Giant "sinkholes" — one of which could devour an entire city block holding six-story buildings — are appearing along the Arctic seafloor, as submerged permafrost thaws and disturbs the area, scientists have discovered.

But even though human-caused climate change is increasing the average temperatures in the Arctic, the thawing permafrost that's creating these sinkholes seems to have a different culprit — heated, slowly moving groundwater systems. 

The Arctic permafrost at the bottom of the Canadian Beaufort Sea has been submerged for about 12,000 years, since the end of the last ice age, when meltwater from glaciers blanketed the region. Until now, the frozen seafloor had been hidden from scientists' peering eyes. This remote part of the Arctic has only recently become accessible to researchers on ships as climate change causes the sea ice to retreat, the researchers said. 



With access to the area, the study researchers relied on both ship-based sonar and an autonomous underwater vehicle (AUV) to complete high-resolution bathymetric surveys of the Canadian Beaufort Sea. 

"We know that big changes are happening across the Arctic landscape, but this is the first time we've been able to deploy technology to see that changes are happening offshore too," Charlie Paull, a geologist at Monterey Bay Aquarium Research Institute (MBARI), said in a statement. "While the underwater sinkholes we have discovered are the result of longer-term, glacial-interglacial climate cycles, we know the Arctic is warming faster than any region on Earth," added Paull, who co-led the research with Scott Dallimore from the Geological Survey of Canada and Natural Resources Canada, with an international team of researchers. 

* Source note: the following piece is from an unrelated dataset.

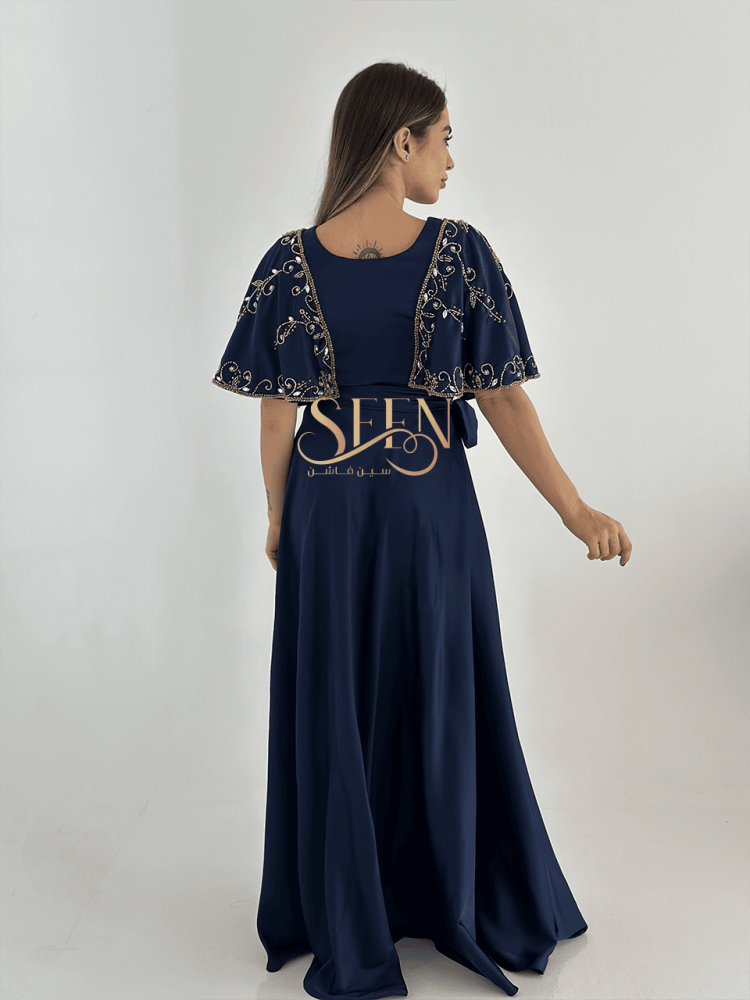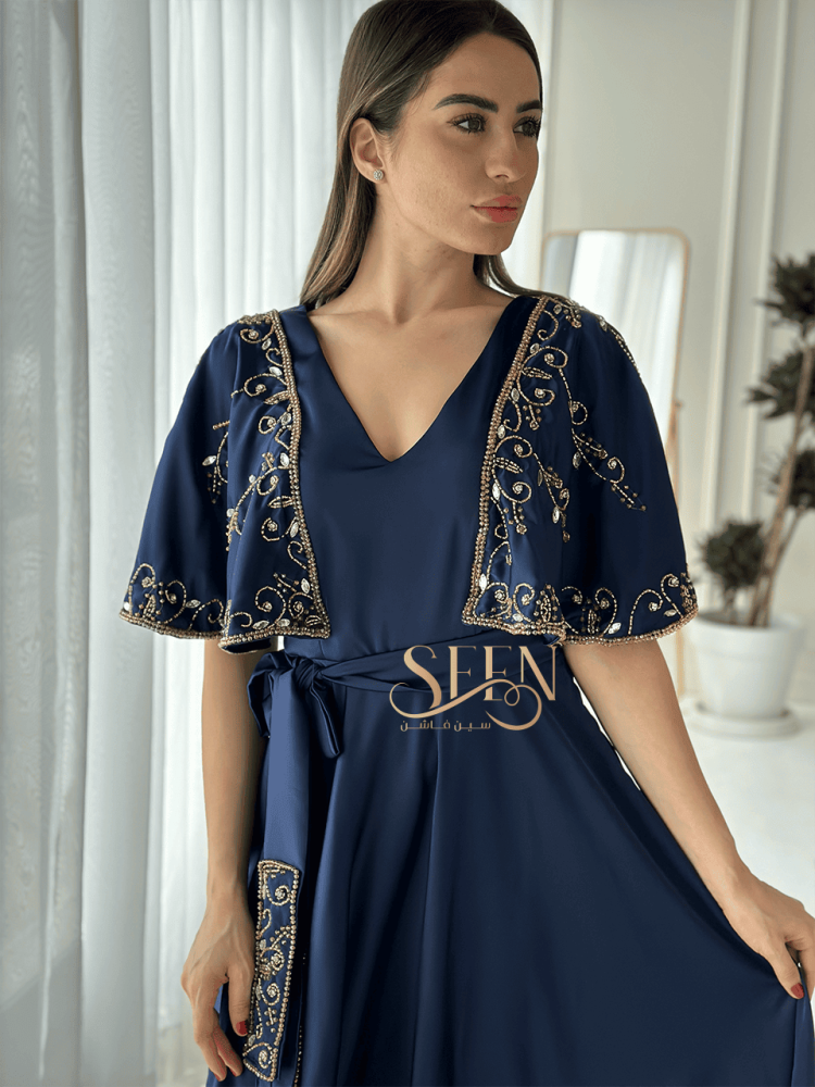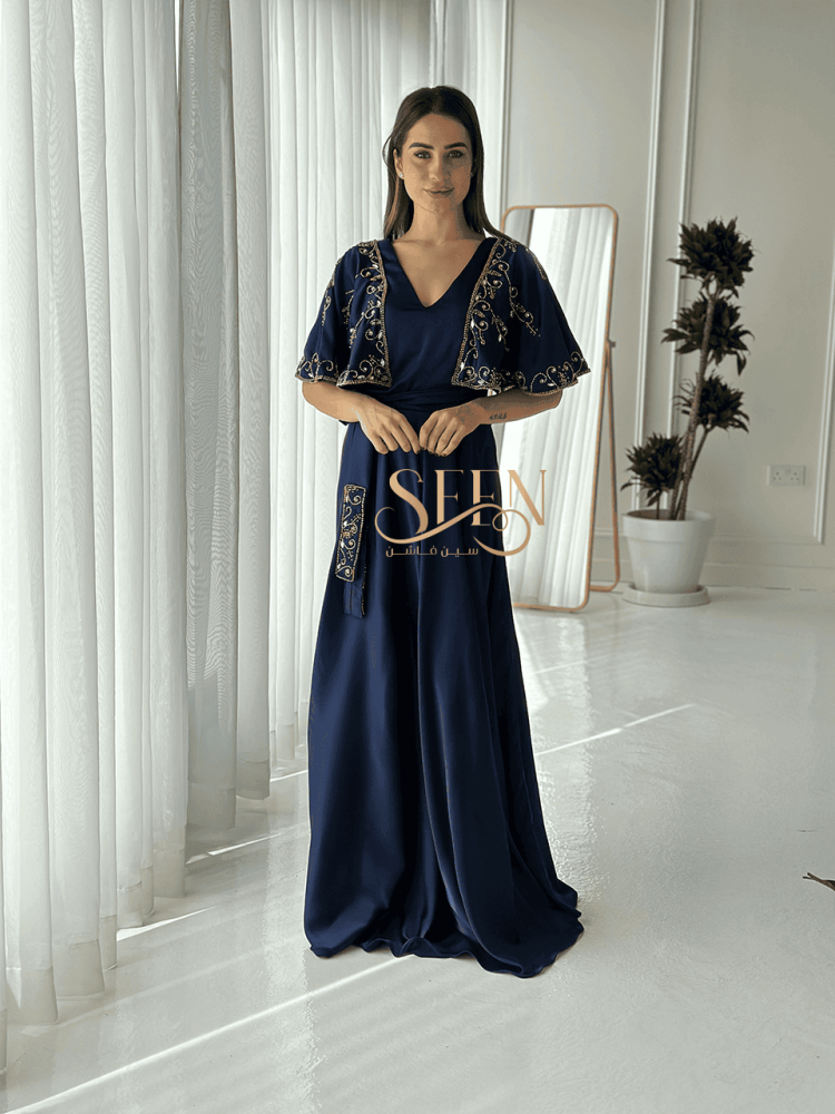 جلابيه كحلي نسائية باللون الكحلي بتطريز راقي وبتفاصيل انيقة يعزز التطريز باللون الذهبي جمال التصميم و يضفي لمسة من الجمالية على الجلابية

When the researchers first started undertaking seafloor surveys in the region in 2010, they focused on the shelf edge and slope in the Canadian Beaufort Sea. About 110 miles (180 kilometers) from the shore, they spotted a 59-mile-long (95 km) band of unusually rough terrain along the seafloor. That stretch of seafloor once marked the edge of the Pleistocene permafrost during the last ice age. The team wondered what was causing the rugged nature of the ocean bottom.

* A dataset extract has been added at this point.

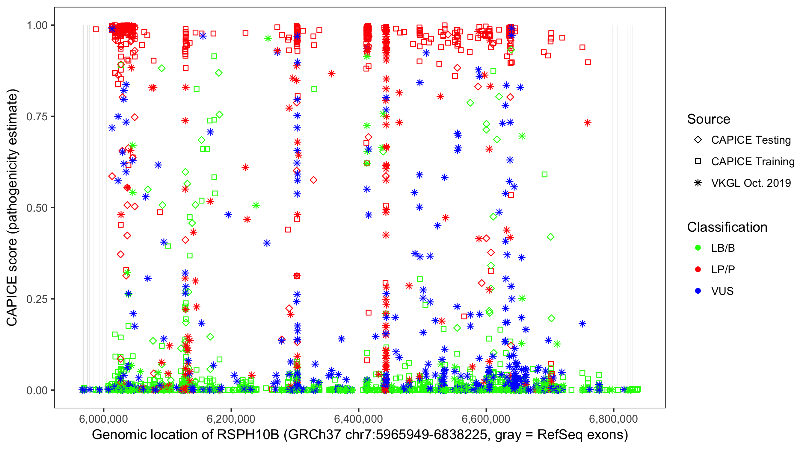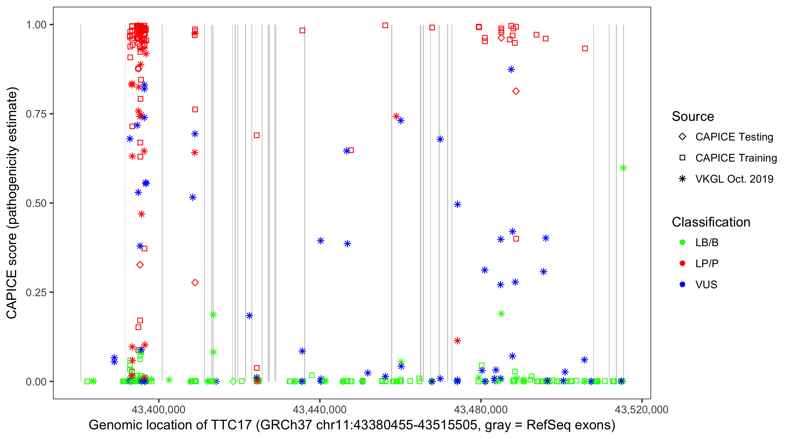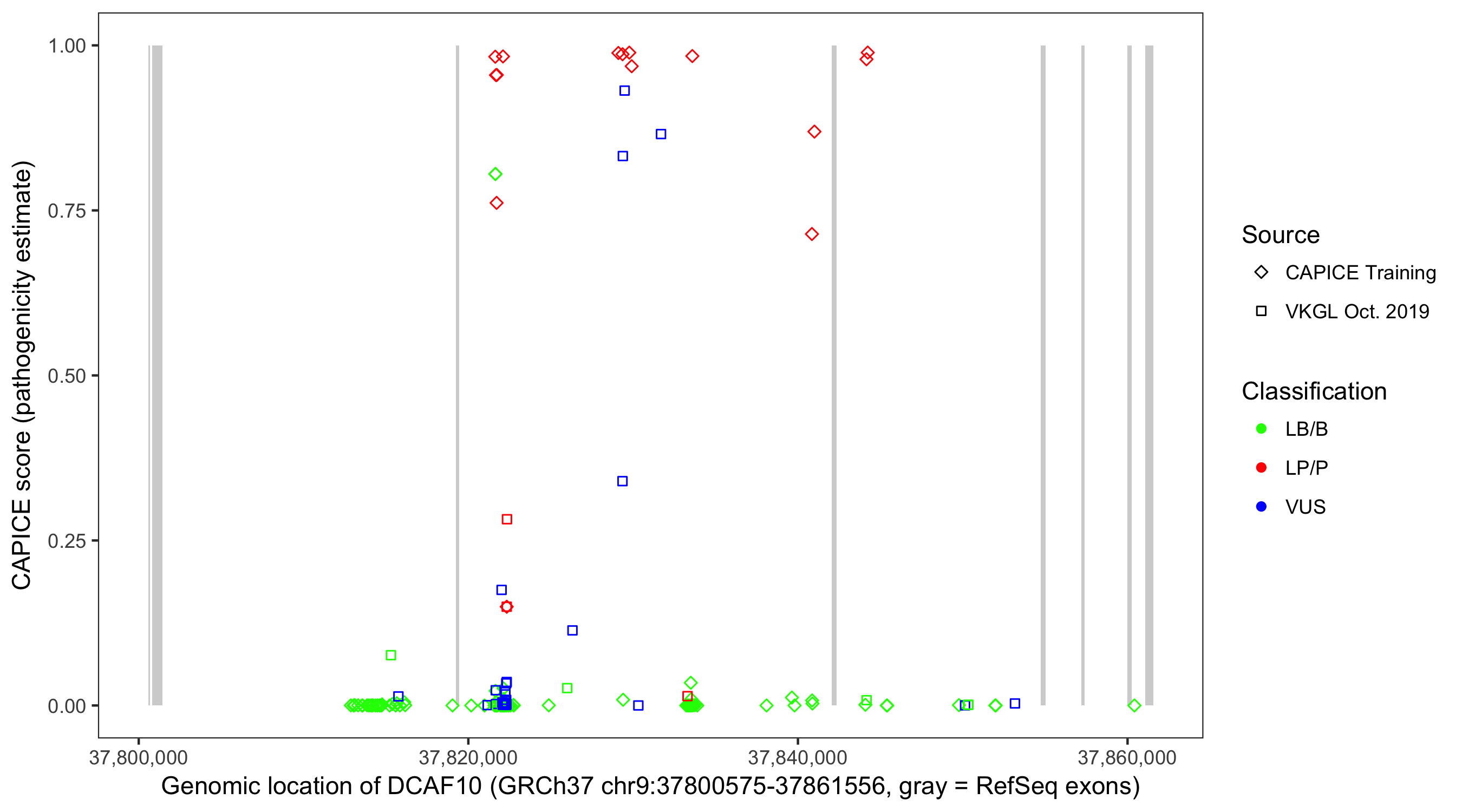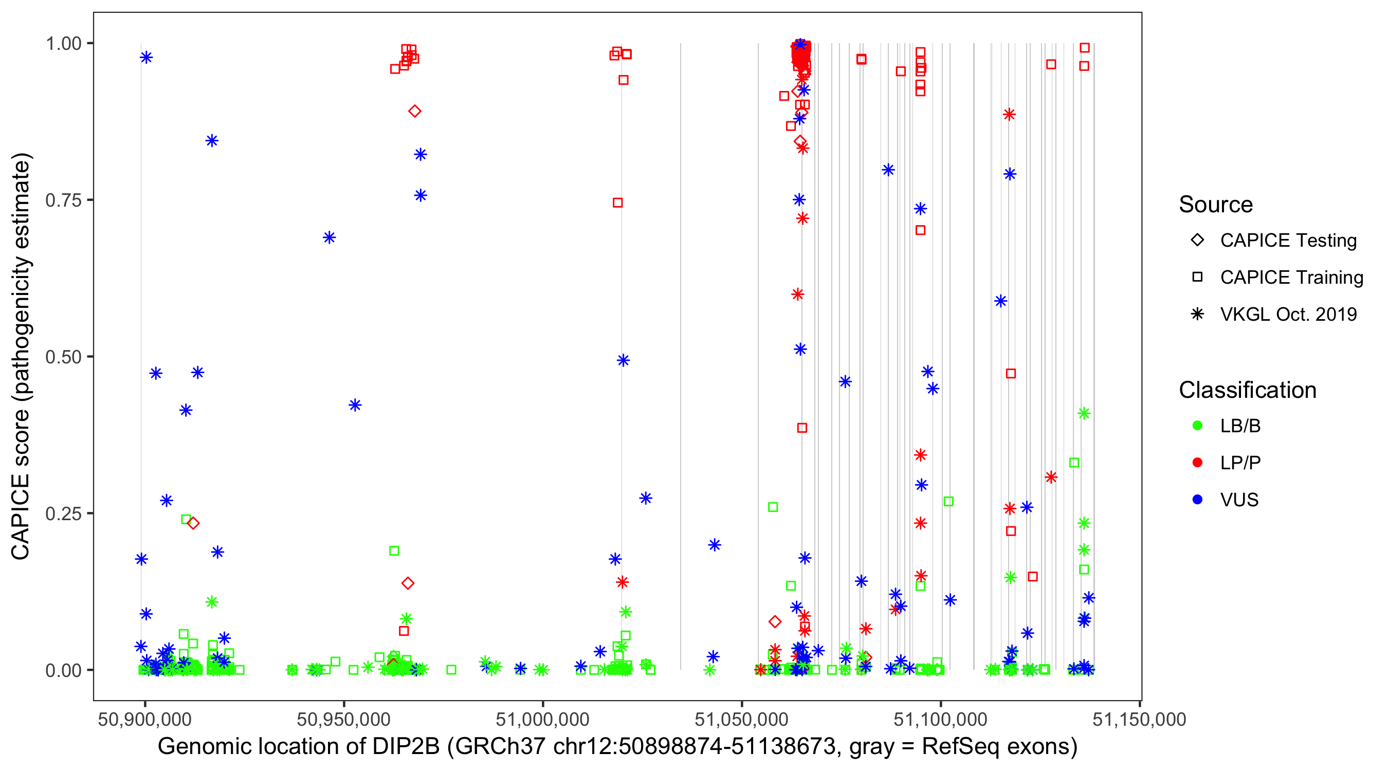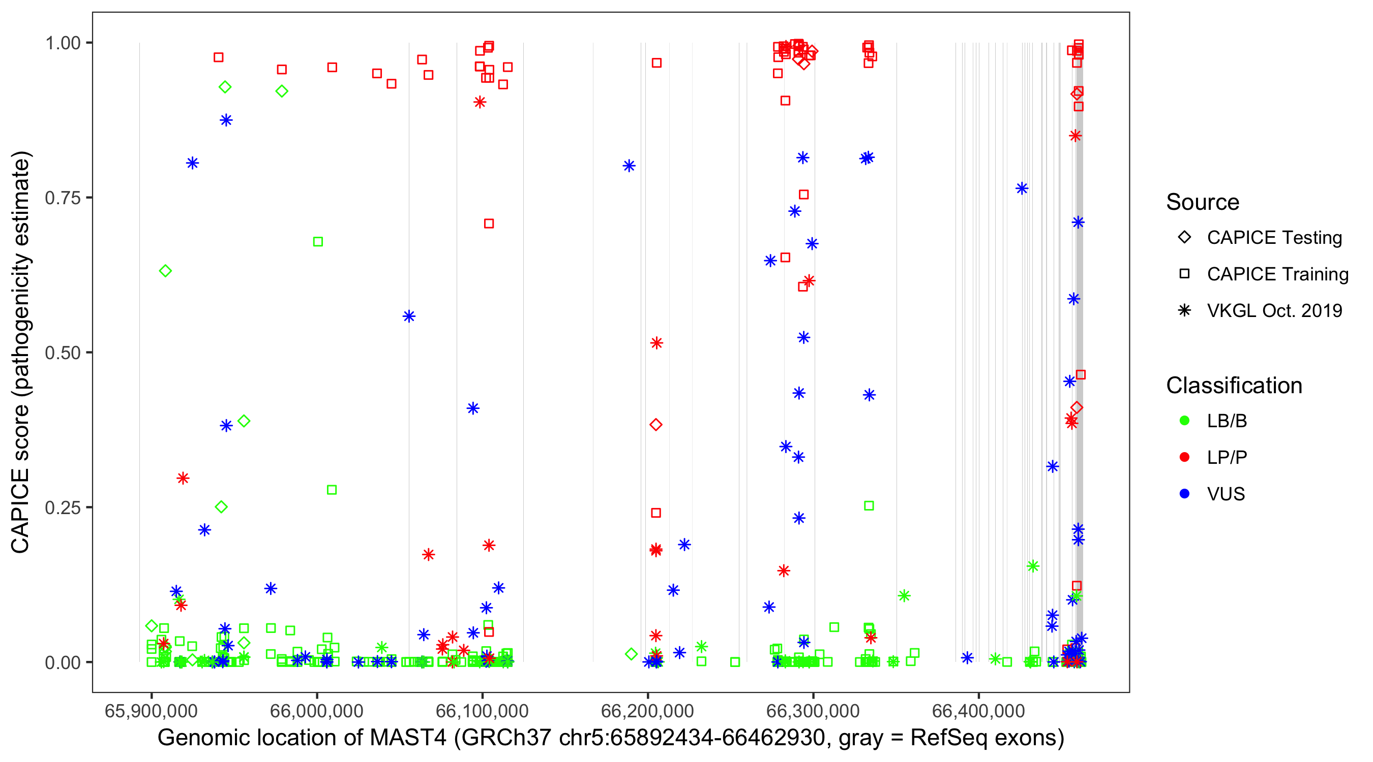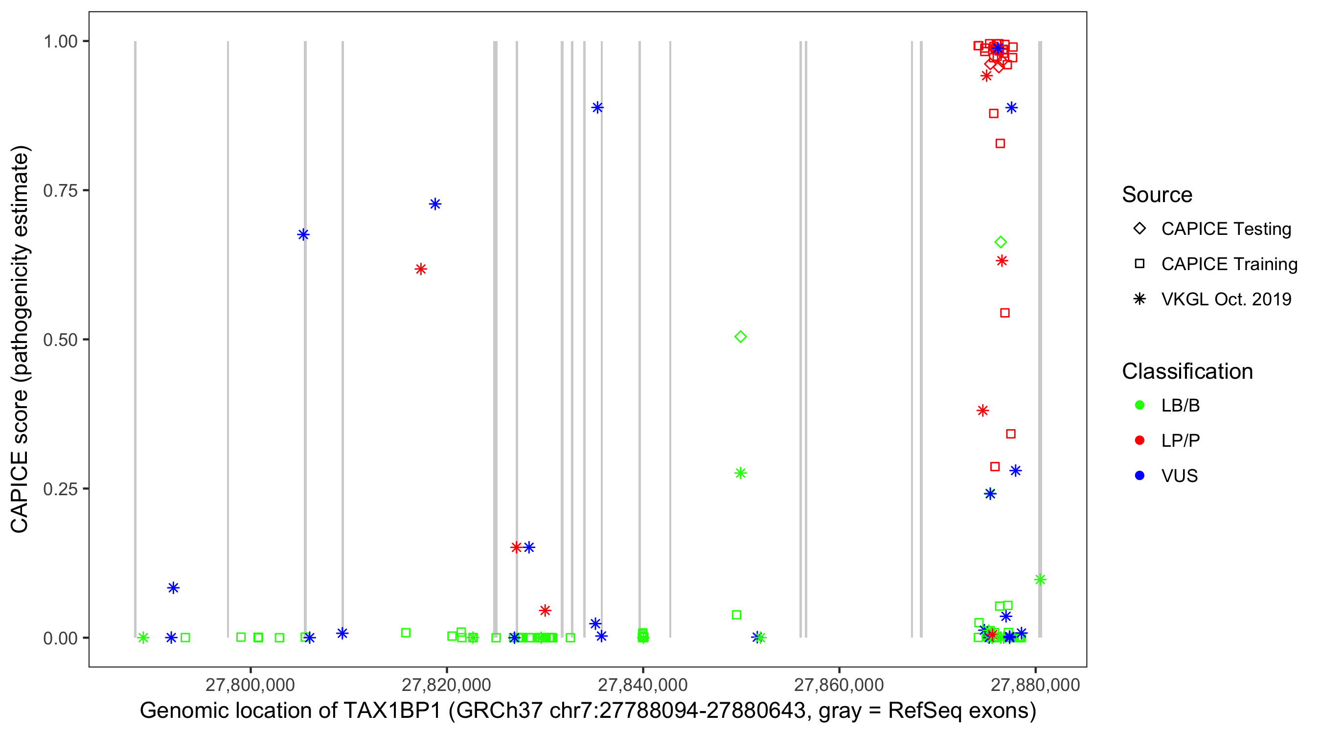 Shown are CAPICE train/test variants plus VKGL Oct 2019.

To understand how this roughness evolved over time and what might be causing it, the team conducted three more surveys, using AUVs in 2013 and 2017 and then ship sonar in 2019. These snapshots of the same areas over time showed the emergence of steep-sided and irregularly shaped depressions. The largest sinkhole-like crater is a whopping 738 feet (225 meters) long, 312 feet (95 m) wide and 92 feet (28 m) deep, the researchers said.